--- Given records ---

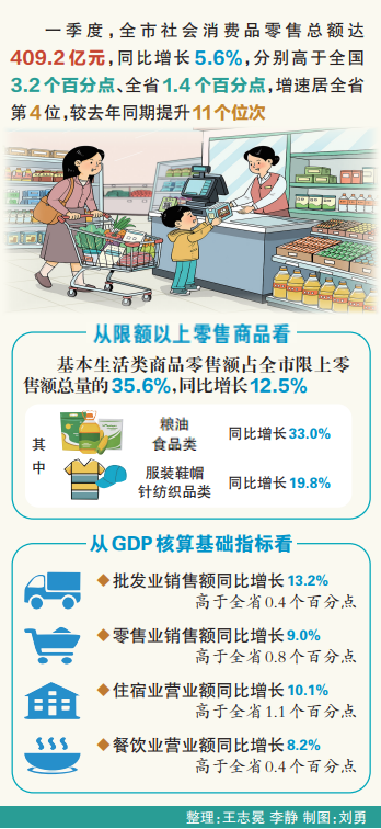 4月20日,记者从市商务局获悉,一季度,全市实现社会消费品零售总额409.2亿元,同比增长5.6%,分别高于全国3.2个百分点、全省1.4个百分点,增速居全省第4位,为全年消费市场持续向好奠定坚实基础。“分行业来看,批发、零售、餐饮等领域协同发力、稳中有进,成为拉动消费增长的主力军,彰显我市消费市场的强劲韧性与活力。”市商务局党组成员孟繁云说。
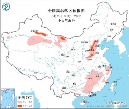 中央氣象臺6月29日06時(shí)繼續(xù)發(fā)布高溫黃色預(yù)警:預(yù)計(jì)6月29日白天,北京、天津、河北中南部、河南北部、山東西部、湖南東部、江西、浙江中北部、福建北部、廣西西部和東北部、廣東西北部以及內(nèi)蒙古西北部、新疆東部、甘肅河西等地的部分地區(qū)有35~37℃高溫天氣,其中,河北中南部、河南北部、新疆吐魯番盆地等地局地最高氣溫可達(dá)38~39℃(見圖3)。
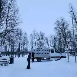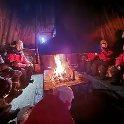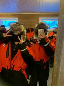 After changing, there will be an officer to explain how to ride. 1 sled can seat 2-3 people. After pulling halfway, the dog will stop to rest and we will move to sit in the house, warm ourselves by the fire. There will be tea and snacks for us to eat + take pictures with the dog. After that, we will take a ride back through the frozen lake and the church. The atmosphere is sooo good!
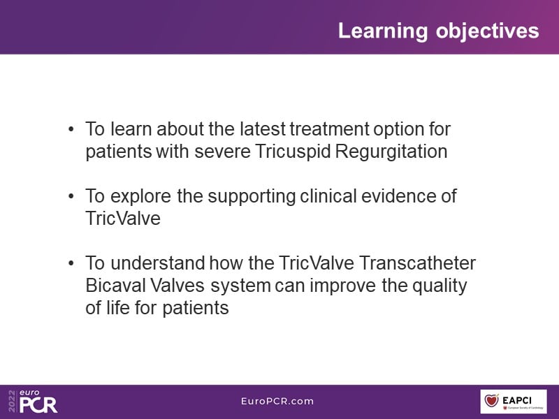 Watch this EuroPCR 2022 session to learn all about the latest treatment option for patients with severe TR, to discover the supporting clinical evidence of TricValve, and to understand how the TricValve Transcatheter Bicaval Valves System can improve patient's quality of life.
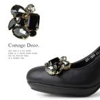 ビジューを贅沢に装飾したシューズクリップ。 キラキラと輝かしい存在感で、お手持ちのシンプルパンプスを華やかにスタイリングアップ! 結婚式、お呼ばれ等のパーティースタイルには欠かせない存在となってくれます☆ その他の場面では、パンプス・シューズ・トングサンダル・ブーツなど、アレンジ次第で様々なシューズにお使いいただけます♪ カラー:ブラック 直径:約40mm×約32mm ※クリップ式着脱 ※ハンドメイド製品のため1点1点が微妙に異なります。 ※2コ入り1組のお値段です。
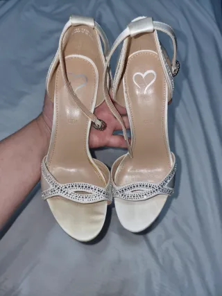 Sandalias beige para fiesta. Usadas para dos bodas. Son de Shein. Pone que talla 36, pero yo soy 37,5 y regresé unas de talla 37 porque me quedaban grandes. Creo que valdrían también para un 38 porque a mí me sobra algo de espacio.
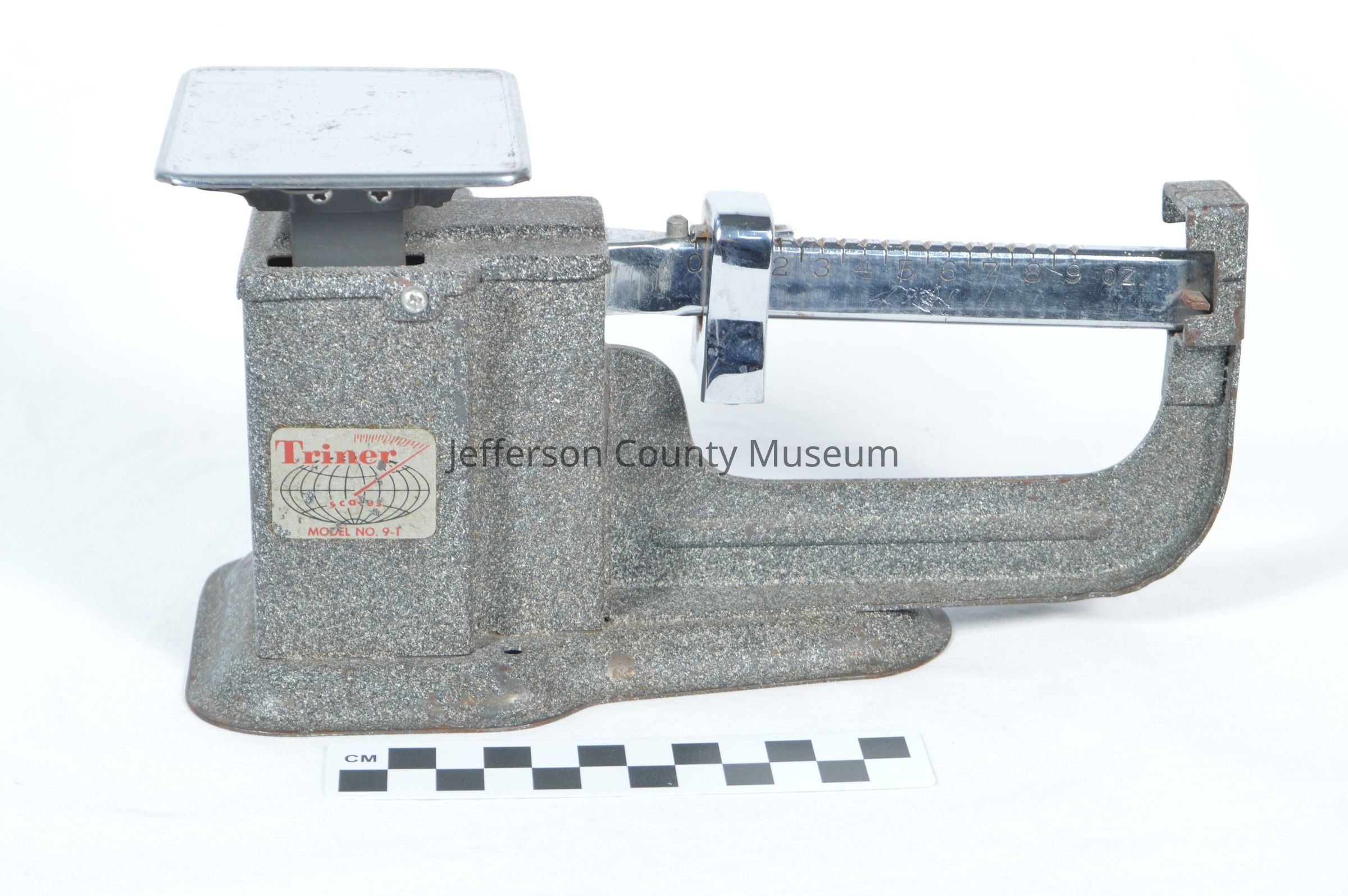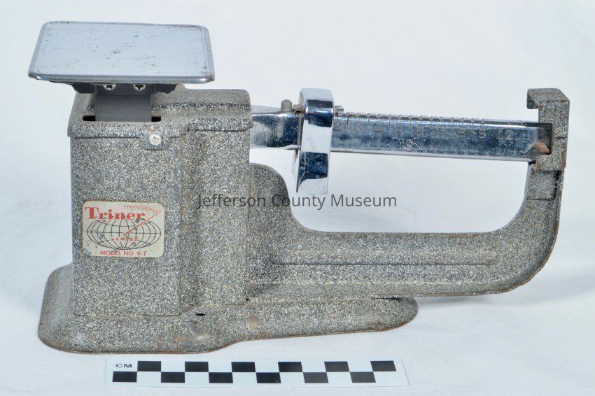 Triner Scales Model No. 9-1 for weighing mail to determine correct postage. Gray metal with bar that raises and lowers depending on the weight of the mail and markings for ounces up to 9 ounces; metal weight that can be moved to balance the bar at the appropriate ounce marking.Acquisition
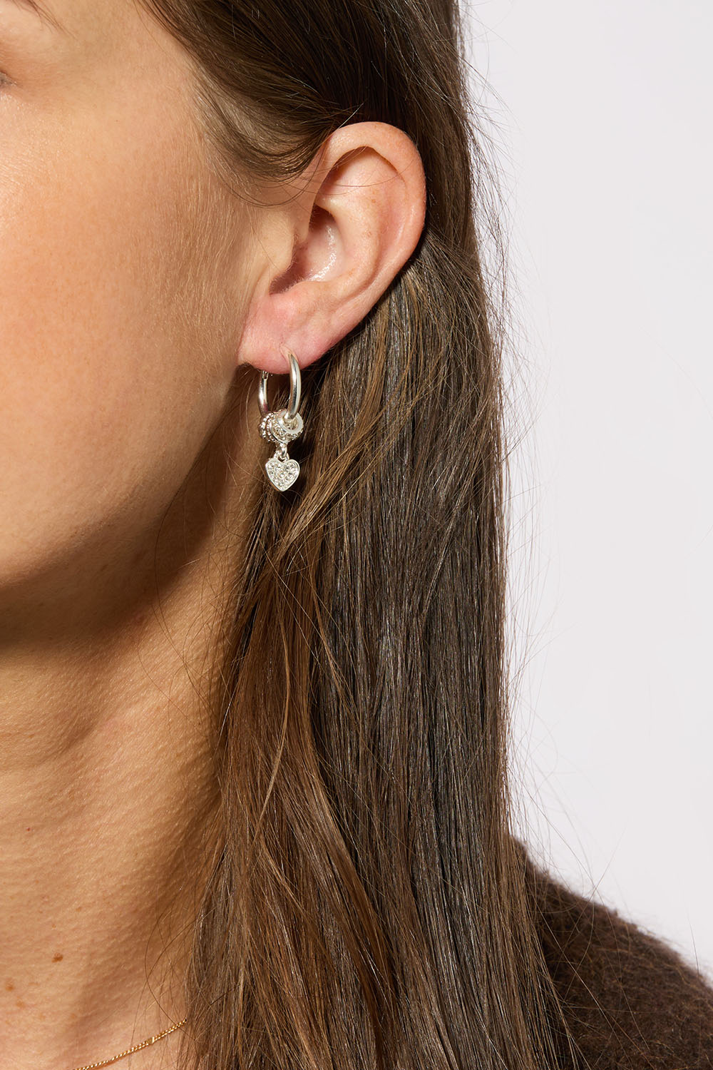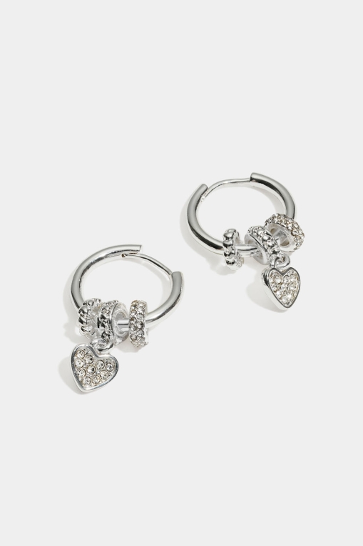 Klassiske hoops i sølvfarvet metal med tre runde charms, den ene med et hængende hjerte.
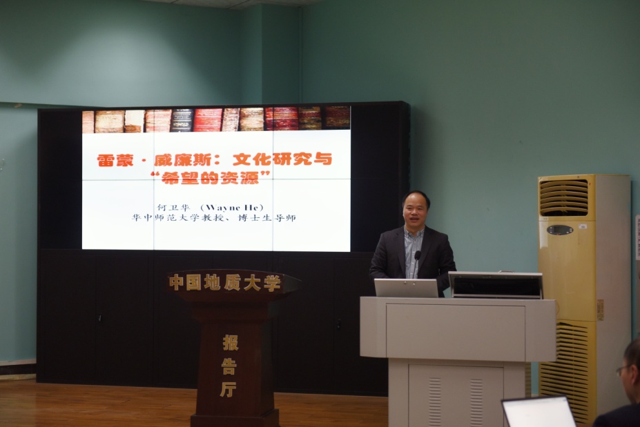 何卫华教授首先通过西蒙·多尔灵和弗雷德里克•詹姆逊等学者对文化的定义,指出文化研究不仅仅是一种审美的文学批评,而是要完成其政治使命,也就是要挖掘大众文化形式和实践中意识形态的机制。何卫华教授讨论了雷蒙·威廉斯如何看待个人与社会的关系,如何思考个人与他人的关系,以及从学术研究角度如何看待作家与其共同体的关系。他指出雷蒙·威廉斯出身工人阶级家庭,虽然后来成为剑桥大学的教授,但从精神层面来讲威廉斯是流亡者。
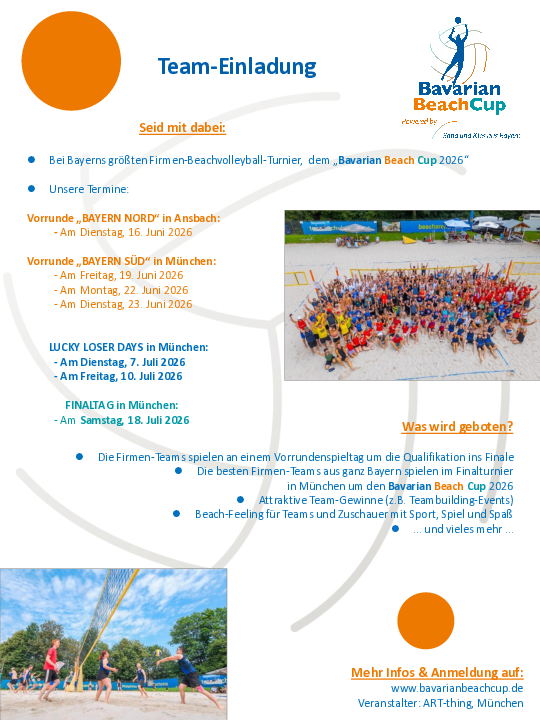 Meldet Euer Beachvolleyball-Firmenteam für Euren Wunschtermin an Eurem Standort an und erlebt gemeinsam ein sportliches Teamevent voller Action, Spaß und Teamgeist!
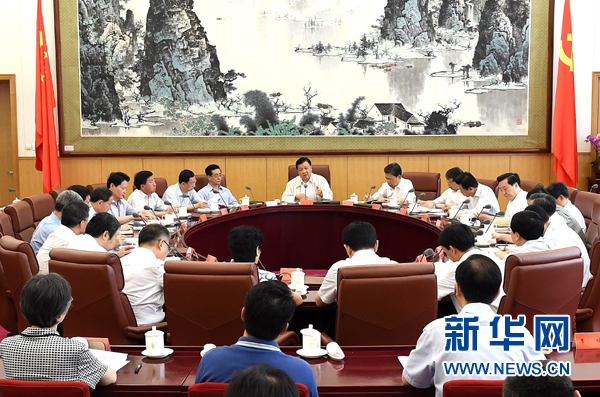 7月5日,中共中央政治局常委、中央党的群众路线教育实践活动领导小组组长刘云山在北京主持召开中央党的群众路线教育实践活动领导小组会议。新华社记者 刘建生 摄
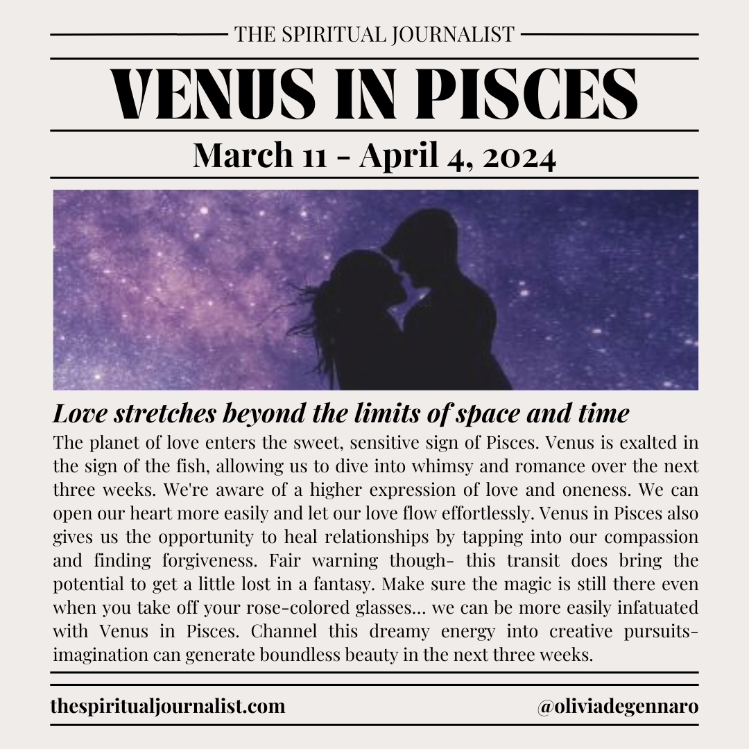 Promotional image for "Venus in Pisces" event from March 11 to April 4, 2024, by The Spiritual Journalist. Includes text describing the astrological influence and a silhouette of a couple against a starry sky. Website and social media handle included
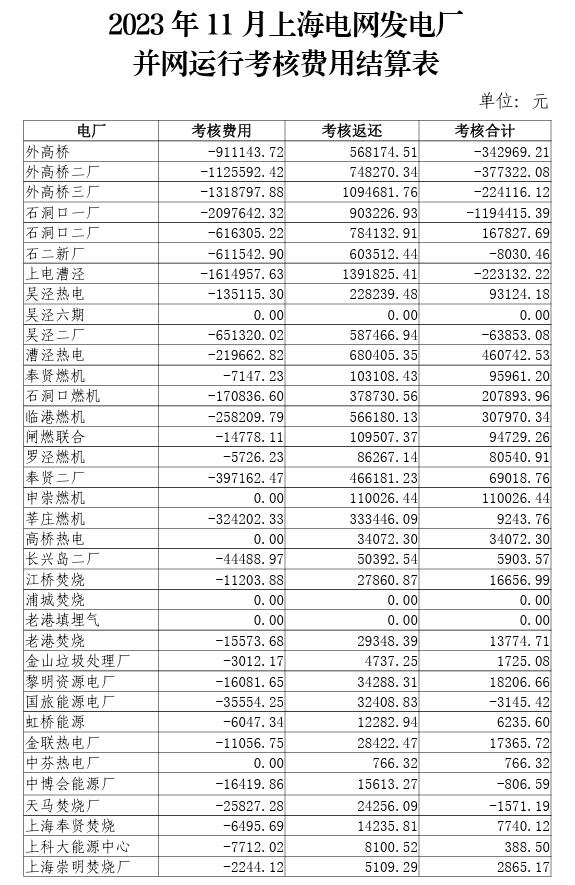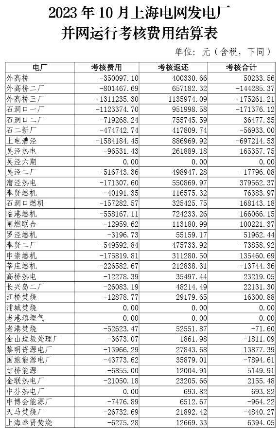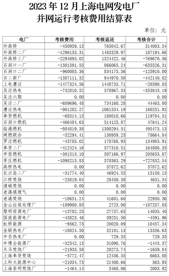 2023年10-12月上海電網(wǎng)發(fā)電廠并網(wǎng)運(yùn)行考核費(fèi)用結(jié)算表
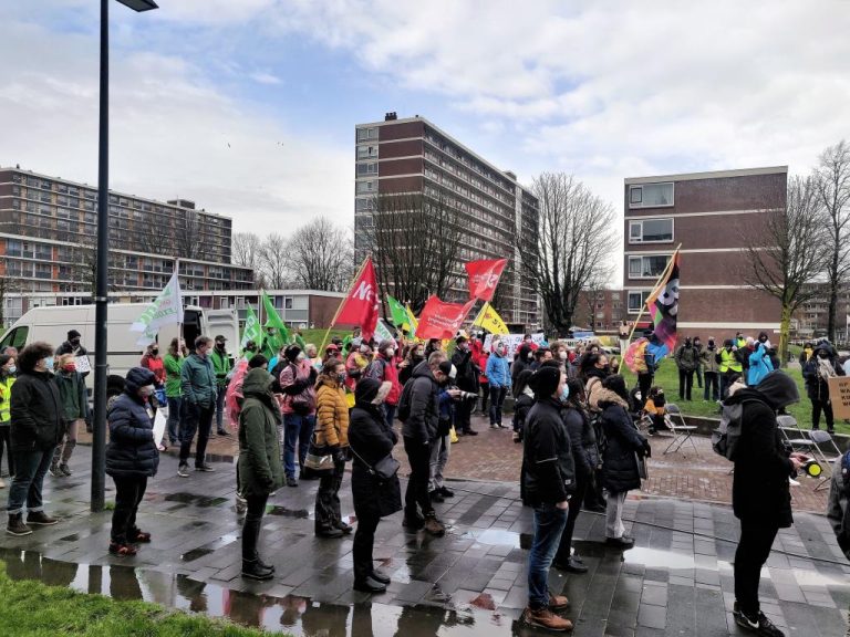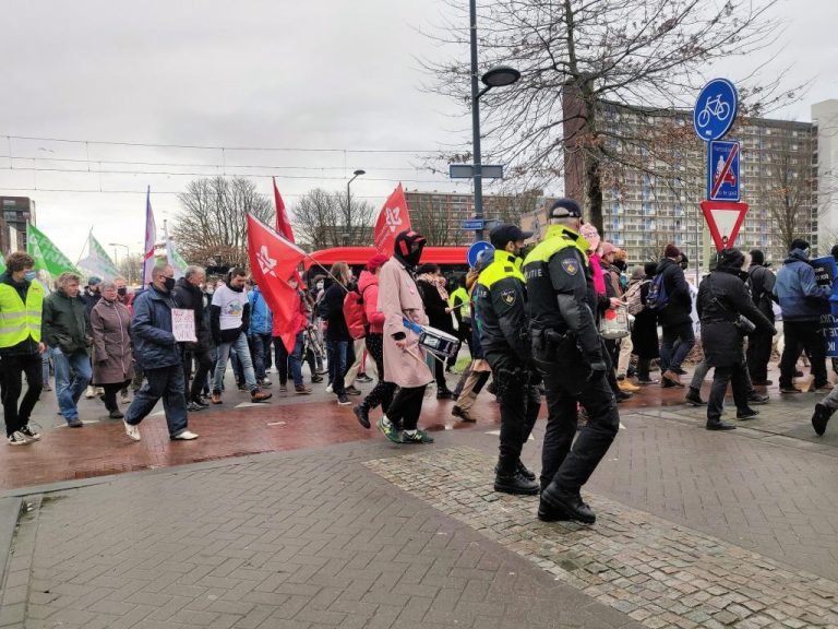 Daar blijft het niet bij. Want terwijl de vlaggen van politieke partijen Bij1, GroenLinks en Stip hoorbaar wapperen, presenteert hij eisen specifiek voor de gemeente Delft. Jansen kijkt een aantal van de aanwezige politici aan. “Gemeenteraad, luisteren jullie mee?
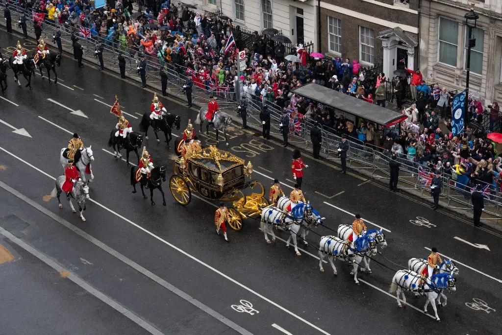 Após a coroação, Charles III trocou de carruagem, passando para a Carruagem de Ouro. Esta última foi construída em 1760 e usada em todas as coroações desde 1831 e é puxada por oito Widsor Grey. Ela, no entanto, não é a favorita da realeza e é considerada extremamente desconfortável.
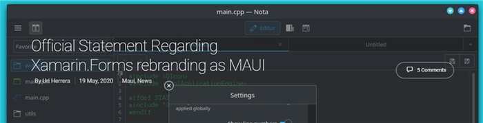 微软在 Build 2020 大会上宣布了 MAUI 项目(.NET Multi-platform App UI),此项目旨在在单一的代码库中提供跨平台的原生 UI,目标是希望 .NET MAUI 成为 .NET 6 的一部分并作为 Xamarin Forms 的进化版。微软还计划在未来将基于 Xamarin.Forms 的现代项目从 Xamarin.Forms 转移到 .NET MAUI。
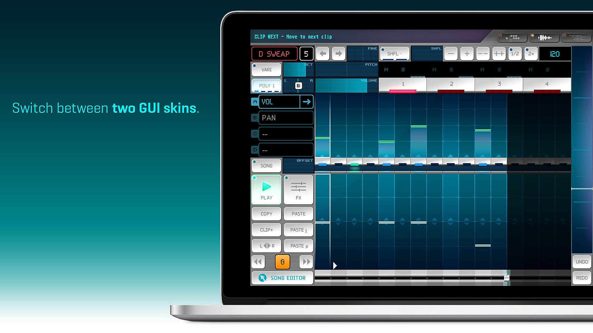 Every instrument is now a wavetable synthesizer. With the advanced effect module, you have more power to shape sounds with the ADSR envelope, vibrato, portamento, noise shaper, or digital delay. In addition to that, the drawable waveform synth module allows users to draw and modify their own wave and use it as a sample oscillator – with that you can use Rytmik Ultimate as a sonically unique chiptune synthesizer.
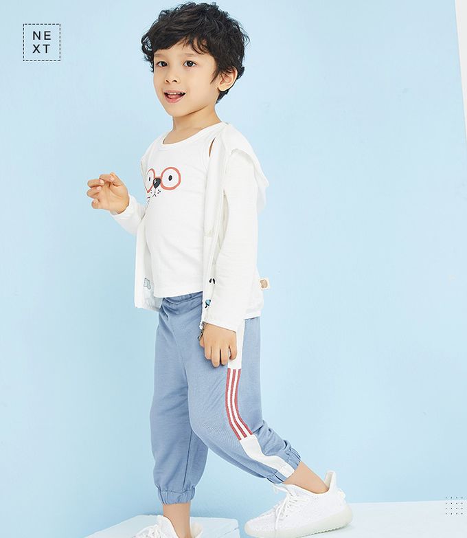 NC - 冰絲涼感束口長褲/空調褲/防蚊褲-側拼白條-藍色
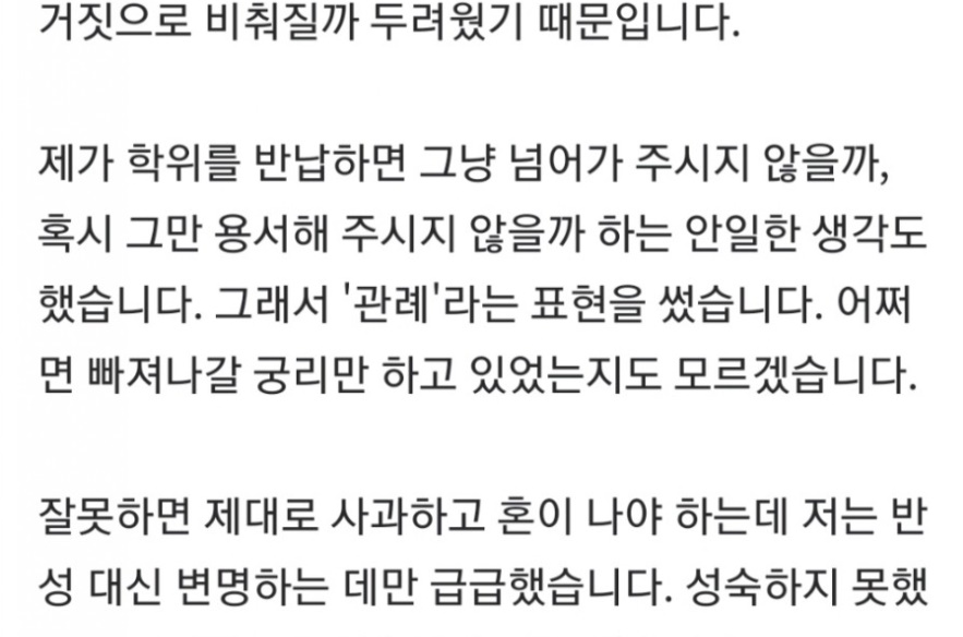 잘못하면 제대로 사과하고 혼이 나야하는데... 저는 반성 대신 변명하는 데만 급급했습니다. 성숙하지 못했고 어른답지도 못했습니다. 잘못했습니다.
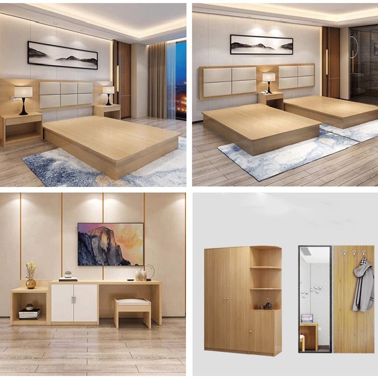 Manufacturer Direct Sale Hotel Bed Guesthouse Furniture single shoulder Shoulder Punctuator Suite Apartment bed head cabinet TV Cabinet Bed Complete custom
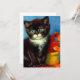 Card featuring a beautiful Van Gogh tuxedo cat! This little kitty poses next to a basket of orange flowers upon a red table. A great gift for cat lovers and Dutch art collectors!

---

| Your instructions |
Nothing but the lines above, starting at the line that contains "中央氣象臺6月29日06時(shí)繼續" and ending at the line that contains "Klassiske hoops i", should be given again, exactly and without the pictures.

| Task output |
 中央氣象臺6月29日06時(shí)繼續(xù)發(fā)布高溫黃色預(yù)警:預(yù)計(jì)6月29日白天,北京、天津、河北中南部、河南北部、山東西部、湖南東部、江西、浙江中北部、福建北部、廣西西部和東北部、廣東西北部以及內(nèi)蒙古西北部、新疆東部、甘肅河西等地的部分地區(qū)有35~37℃高溫天氣,其中,河北中南部、河南北部、新疆吐魯番盆地等地局地最高氣溫可達(dá)38~39℃(見圖3)。
 After changing, there will be an officer to explain how to ride. 1 sled can seat 2-3 people. After pulling halfway, the dog will stop to rest and we will move to sit in the house, warm ourselves by the fire. There will be tea and snacks for us to eat + take pictures with the dog. After that, we will take a ride back through the frozen lake and the church. The atmosphere is sooo good!
 Watch this EuroPCR 2022 session to learn all about the latest treatment option for patients with severe TR, to discover the supporting clinical evidence of TricValve, and to understand how the TricValve Transcatheter Bicaval Valves System can improve patient's quality of life.
 ビジューを贅沢に装飾したシューズクリップ。 キラキラと輝かしい存在感で、お手持ちのシンプルパンプスを華やかにスタイリングアップ! 結婚式、お呼ばれ等のパーティースタイルには欠かせない存在となってくれます☆ その他の場面では、パンプス・シューズ・トングサンダル・ブーツなど、アレンジ次第で様々なシューズにお使いいただけます♪ カラー:ブラック 直径:約40mm×約32mm ※クリップ式着脱 ※ハンドメイド製品のため1点1点が微妙に異なります。 ※2コ入り1組のお値段です。
 Sandalias beige para fiesta. Usadas para dos bodas. Son de Shein. Pone que talla 36, pero yo soy 37,5 y regresé unas de talla 37 porque me quedaban grandes. Creo que valdrían también para un 38 porque a mí me sobra algo de espacio.
 Triner Scales Model No. 9-1 for weighing mail to determine correct postage. Gray metal with bar that raises and lowers depending on the weight of the mail and markings for ounces up to 9 ounces; metal weight that can be moved to balance the bar at the appropriate ounce marking.Acquisition
 Klassiske hoops i sølvfarvet metal med tre runde charms, den ene med et hængende hjerte.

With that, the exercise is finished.